Pada periode ini, Marcello Inghirami Fei, seorang bangsawan setempat yang dikenal memiliki bakat artistik dan kejelian berbisnis, mendorong perkembangan perdagangan pualam. Ia mulai memanfaatkan kandungan mineral bawah tanah yang baru ditemukan tersebut, dan pada tahun 1791, ia mendirikan sebuah sekolah tempat lebih dari 100 magang bisa mempelajari seni ini di bawah pengarahan para guru besar perajin yang diundang dari berbagai daerah di Italia dan luar negeri. Industri tersebut pun berkembang pesat.

Delapan atau sembilan bengkel kerja pualam yang ada pada tahun 1786 berlipat ganda menjadi 60 bengkel kerja pada tahun 1830. Pada tahun-tahun tersebut, kira-kira 50 pedagang Volterra yang berjiwa petualang berkeliling ke pasar-pasar dunia dari Eropa sampai Amerika, India, dan Timur Jauh untuk menjual kerajinan pualam yang berkualitas tinggi. Beberapa pedagang mengumpulkan uang yang sangat banyak. Masa kejayaan pualam berlangsung hingga tahun 1870, tetapi sejak saat itu, periode kemakmuran dan kemerosotan berlangsung silih-berganti. Meskipun demikian, produksi pualam tetap menjadi salah satu penopang perekonomian setempat.

Jalan-Jalan Sore di Volterra

Dengan jalan-jalannya yang lengang, sempit, dan berlapis batu, bangunan-bangunannya yang terbuat dari batu, sudut-sudut kotanya yang indah, dan alun-alunnya yang bermandikan sinar matahari, semuanya dikelilingi oleh daerah luar kota Tuskani yang mempesona, Volterra memiliki suasana yang khas.
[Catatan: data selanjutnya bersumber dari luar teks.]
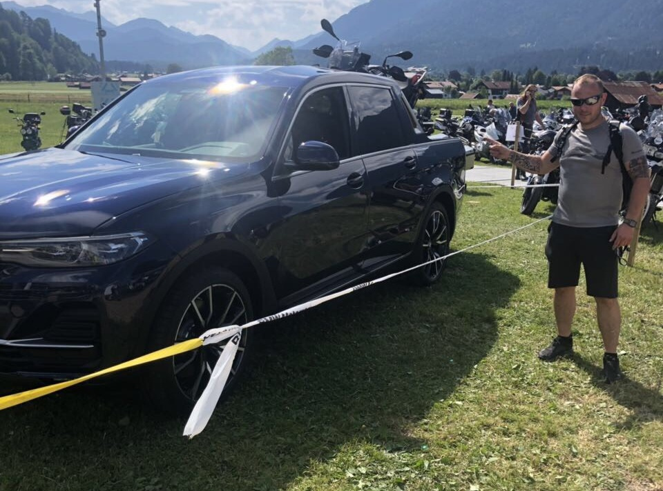 Уникальный пикап BMW X7 был замечен на слете почитателей мотоциклов баварской марки – BMW Motorrad Days, проходившем с 5 по 7 июля в городе Гармиш-Партенкирхен, недалеко от самой высокой горы Германии – Цугшпитце (2962 м). Эксклюзивные фотографии машины опубликованы на сайте ТопЖыр.
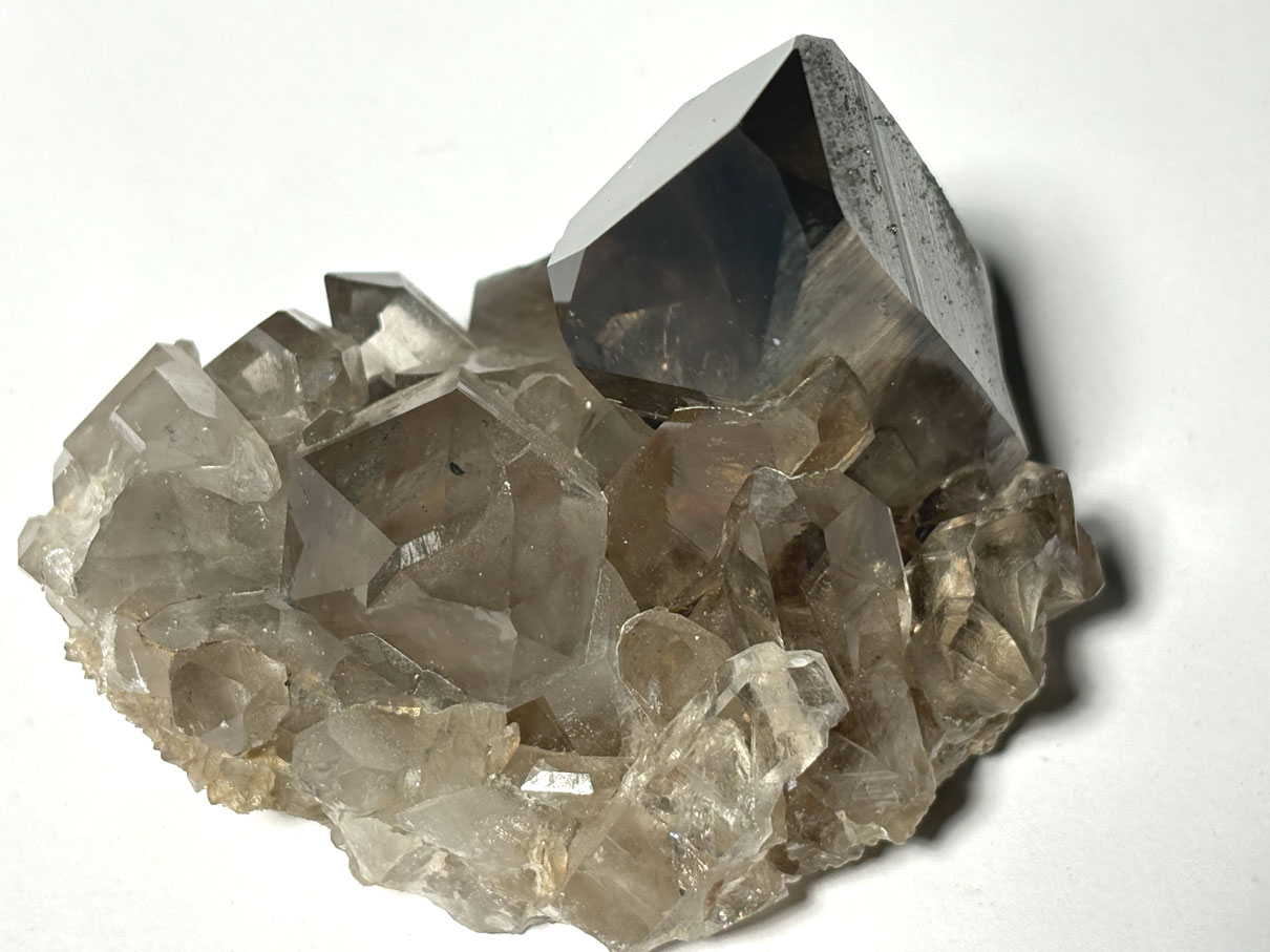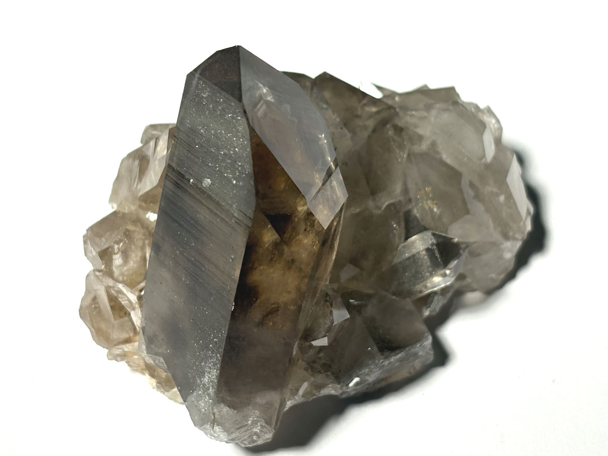 La couleur brun clair à brun foncé caractéristique provient de l’irradiation naturelle agissant sur des traces d’aluminium substituées au silicium dans le réseau cristallin, créant des centres colorés qui donnent l’aspect fumé. L’intensité de la coloration dépend de la concentration en aluminium et du temps d’exposition à l’irradiation naturelle.

Rasanya seperti kembali ke Abad Pertengahan. Sewaktu berjalan-jalan sore pada musim panas bersama teman-teman, kami memastikan untuk mengunjungi Porta all’Arco, sebuah gapura lengkung bergaya Etruria yang megah, dari abad keempat SM, yang merupakan bagian dari tembok kota abad pertengahan.

Kami bersantai di depan jendela toko untuk mengagumi sekelompok burung yang sedang terbang, kuda-kuda berjingkrak dengan penuh vitalitas, dan patung-patung manusia yang anggun​—semuanya dari pualam tetapi berpendar seperti kaca buram. Di ruang pamer yang berbentuk kubah terdapat tempayan yang dihiasi gambar tanaman anggur dengan buahnya dan reproduksi pahatan klasik, serta vas yang diukir dan berlubang-lubang rumit, tempat lilin, perangkat permainan catur, kotak perhiasan, dan banyak ornamen lainnya.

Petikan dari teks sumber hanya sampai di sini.